● **Source information**:
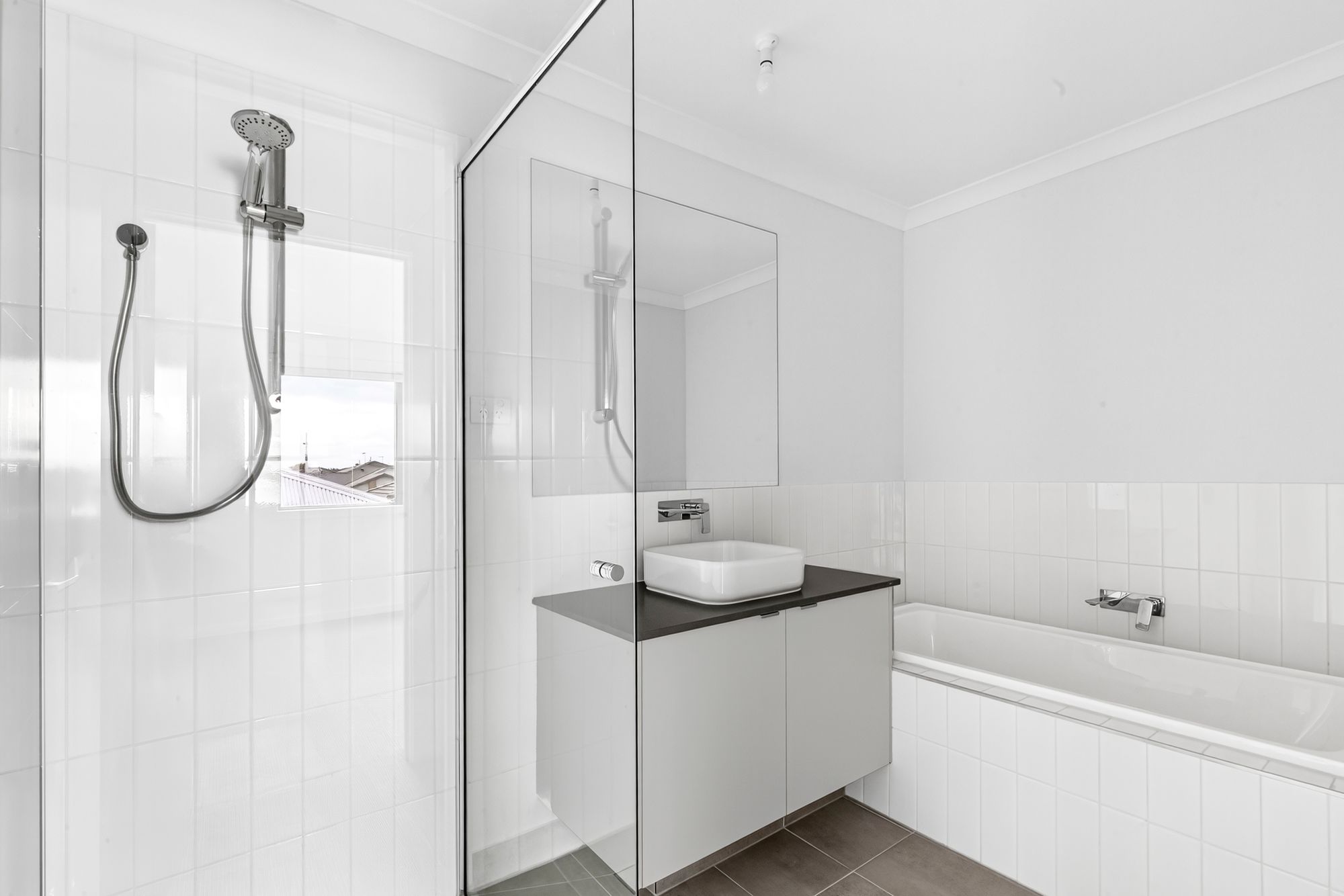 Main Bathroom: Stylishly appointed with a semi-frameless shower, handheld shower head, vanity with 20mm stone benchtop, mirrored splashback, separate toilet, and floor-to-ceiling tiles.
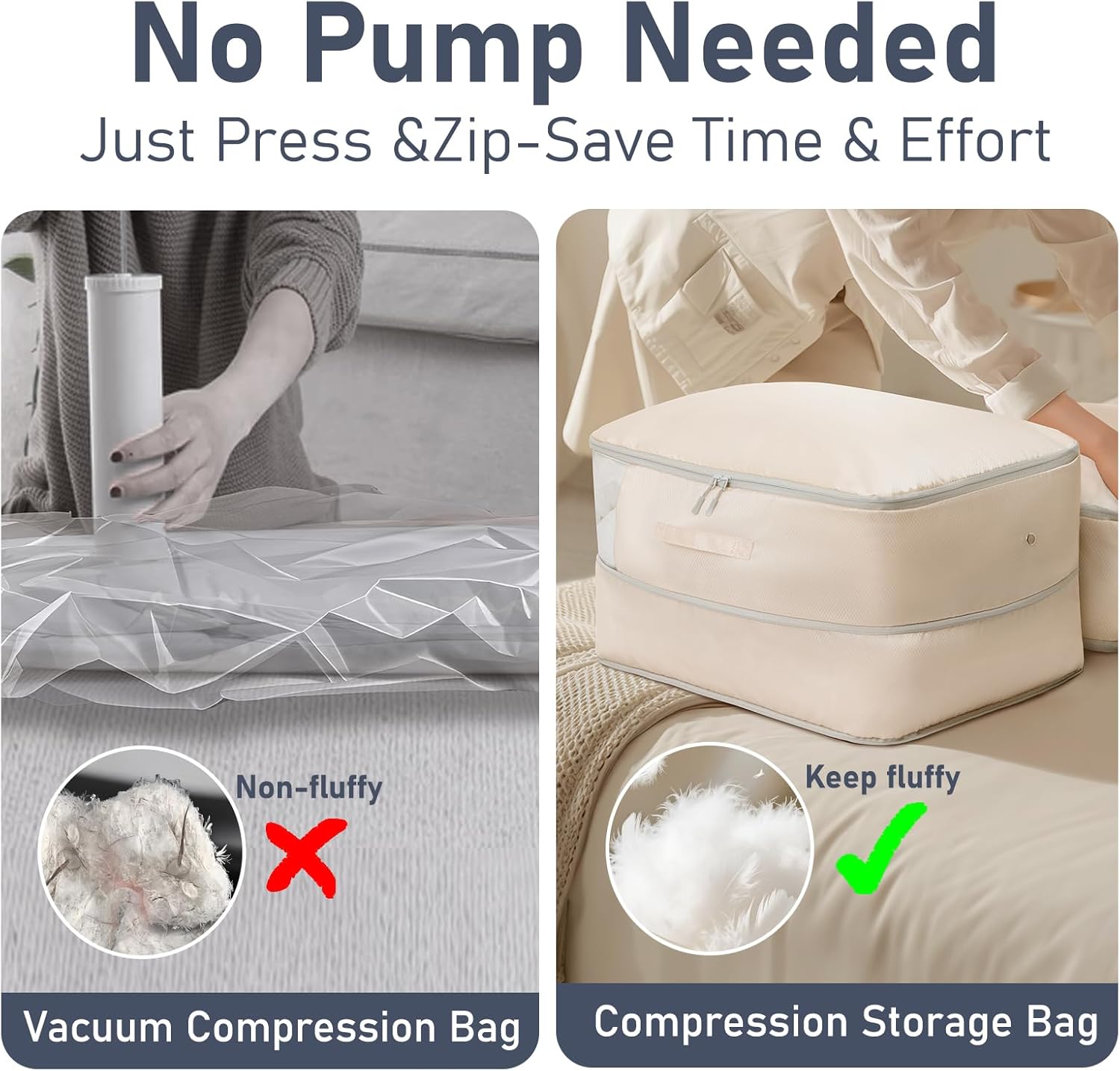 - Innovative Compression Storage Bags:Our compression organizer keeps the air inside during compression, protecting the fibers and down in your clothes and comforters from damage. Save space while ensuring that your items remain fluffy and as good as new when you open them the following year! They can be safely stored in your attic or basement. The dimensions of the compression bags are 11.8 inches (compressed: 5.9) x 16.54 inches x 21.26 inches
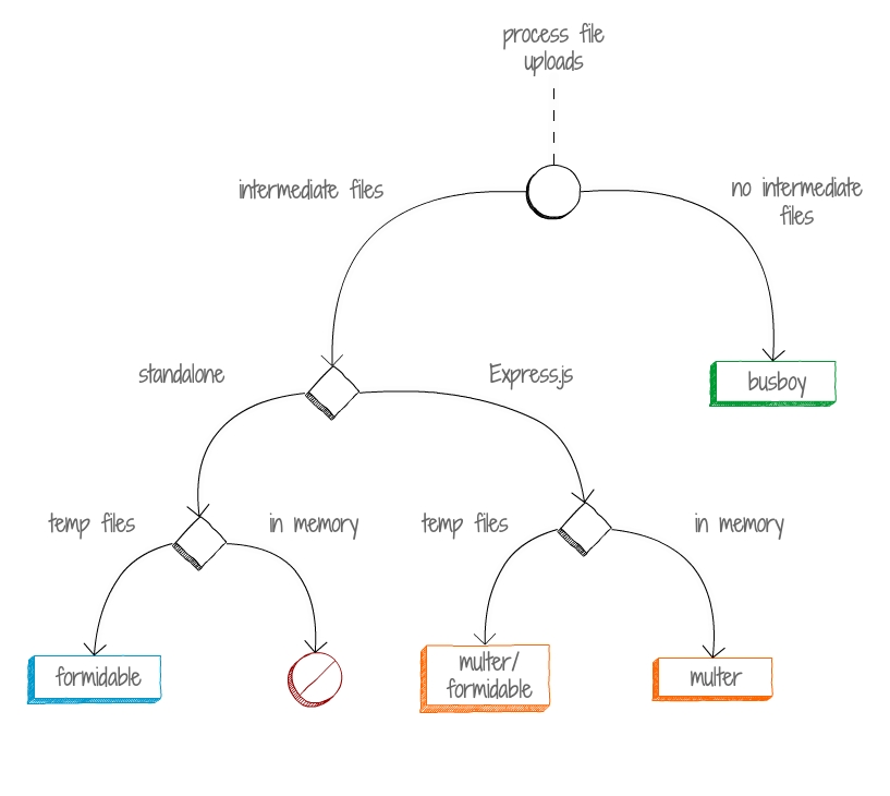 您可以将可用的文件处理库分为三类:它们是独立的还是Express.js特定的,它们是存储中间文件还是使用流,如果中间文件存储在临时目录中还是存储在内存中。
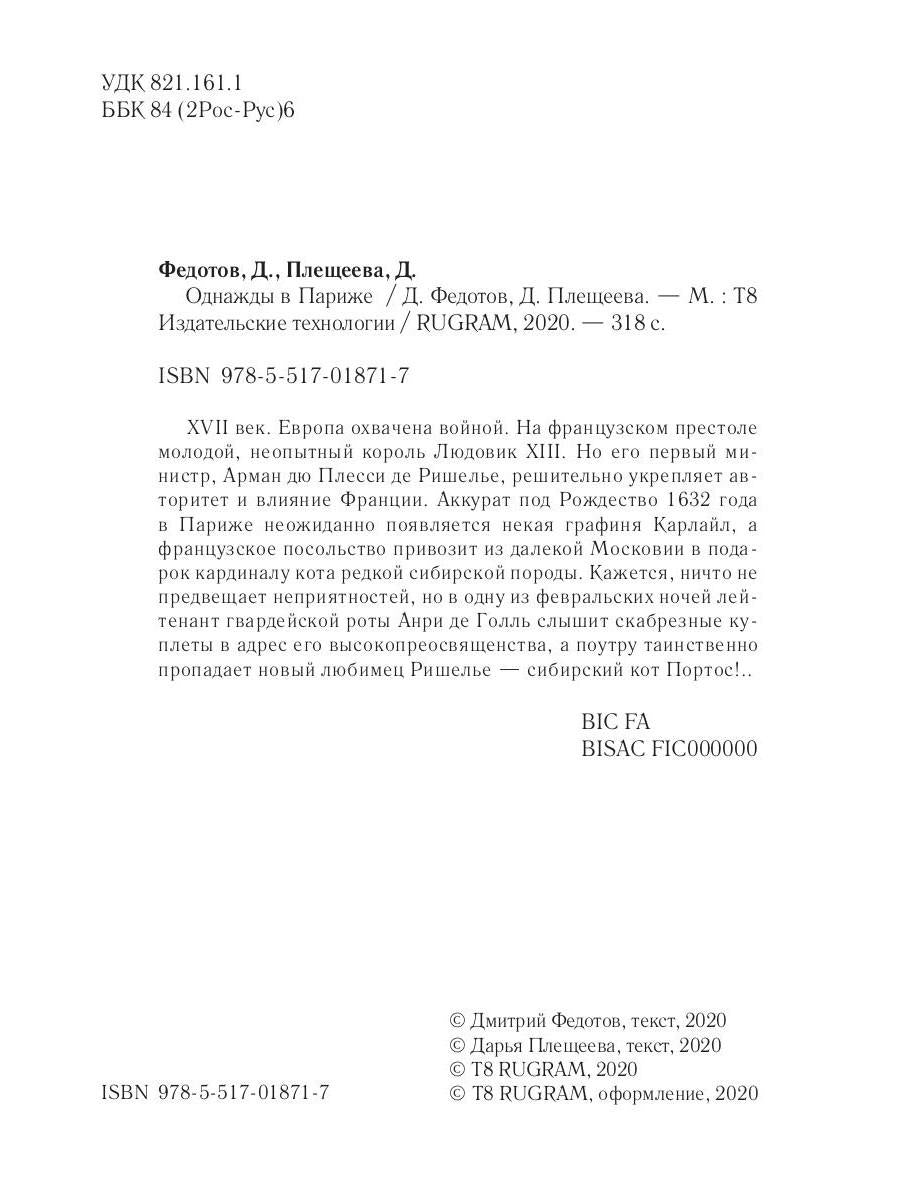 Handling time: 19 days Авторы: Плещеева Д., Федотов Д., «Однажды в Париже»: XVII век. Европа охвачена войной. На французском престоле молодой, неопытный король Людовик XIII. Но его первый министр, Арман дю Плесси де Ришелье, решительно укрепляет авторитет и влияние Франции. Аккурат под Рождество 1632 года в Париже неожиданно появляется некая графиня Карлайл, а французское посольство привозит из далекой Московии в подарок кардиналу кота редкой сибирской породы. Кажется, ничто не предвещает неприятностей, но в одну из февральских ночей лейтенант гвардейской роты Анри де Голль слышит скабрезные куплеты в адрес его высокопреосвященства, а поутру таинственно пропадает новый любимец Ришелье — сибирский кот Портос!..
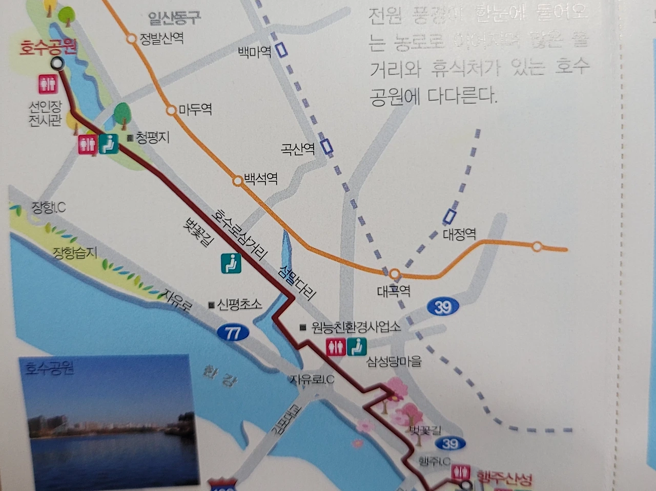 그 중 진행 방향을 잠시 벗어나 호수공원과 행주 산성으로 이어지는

● **Problem statement**: Copy the entire listing exactly but skip the pictures.

● **Task solution**:
 Main Bathroom: Stylishly appointed with a semi-frameless shower, handheld shower head, vanity with 20mm stone benchtop, mirrored splashback, separate toilet, and floor-to-ceiling tiles.
 - Innovative Compression Storage Bags:Our compression organizer keeps the air inside during compression, protecting the fibers and down in your clothes and comforters from damage. Save space while ensuring that your items remain fluffy and as good as new when you open them the following year! They can be safely stored in your attic or basement. The dimensions of the compression bags are 11.8 inches (compressed: 5.9) x 16.54 inches x 21.26 inches
 您可以将可用的文件处理库分为三类:它们是独立的还是Express.js特定的,它们是存储中间文件还是使用流,如果中间文件存储在临时目录中还是存储在内存中。
 Handling time: 19 days Авторы: Плещеева Д., Федотов Д., «Однажды в Париже»: XVII век. Европа охвачена войной. На французском престоле молодой, неопытный король Людовик XIII. Но его первый министр, Арман дю Плесси де Ришелье, решительно укрепляет авторитет и влияние Франции. Аккурат под Рождество 1632 года в Париже неожиданно появляется некая графиня Карлайл, а французское посольство привозит из далекой Московии в подарок кардиналу кота редкой сибирской породы. Кажется, ничто не предвещает неприятностей, но в одну из февральских ночей лейтенант гвардейской роты Анри де Голль слышит скабрезные куплеты в адрес его высокопреосвященства, а поутру таинственно пропадает новый любимец Ришелье — сибирский кот Портос!..
 그 중 진행 방향을 잠시 벗어나 호수공원과 행주 산성으로 이어지는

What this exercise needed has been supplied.